What voltages are you trying to detect and operate at? What is the LM317 output voltage set to?
 
Please provide the resistor values.
 
I was hoping that the last LED would light up at around 13 volts and the first one would light up around 5-8 volts. I have the 317 set up to put out 3 volts, so that means that after the voltage drop from the diode bridge, the required input voltage would have to be around 5.6 volts. The generator usually gets up to 13 volts without any problems. Low voltages shouldn't be a problem because it gets up to 7 volts very fast (within 2 seconds) and continues to rise to about 13.
 
The resistors from the output of the 317 to the LED's are 330Ω. The resistors in the series connected to the + inputs on the 339 are 1000Ω. Both of the potentiometers are 1000Ω.
 
I just realized that by switching the + and - inputs on the lm339, it would make the LED's light up in order instead of going out in order but if anyone notices anything else that might be causing it to mess up, please let me know.

The problem that I'm having is that they either all are on or all are off.

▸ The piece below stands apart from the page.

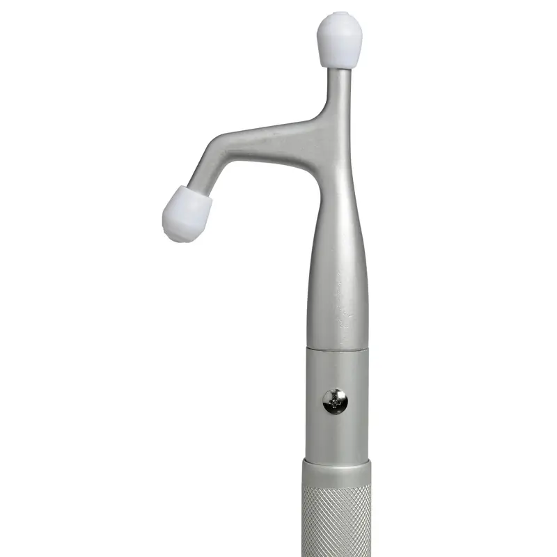 Made of anodized aluminium, natural finish (includes hook). Its rotation locking device enables fast locking at any point, very sturdy.
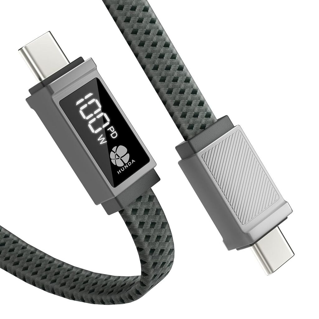 Cáp sạc hiển thị công suất HUNDA HDCC100W sạc siêu nhanh 100W dây bọc dù dài 2 mét

I've been testing it with DC current where I take the diode bridge totally out of the equation and use a +9V supply instead, just to simplify things until I get it working.

This isn't due until this coming Tuesday, but I would like to get it out of the way soon.
 
Replace the opamp chip and regulator with just 4 NPN transistors, then a 2 resistor voltage divider sets the voltage where each transistor turns on.

That will be simpler and more reliable than trying to run a quad opamp from a varying voltage that it is also trying to measure.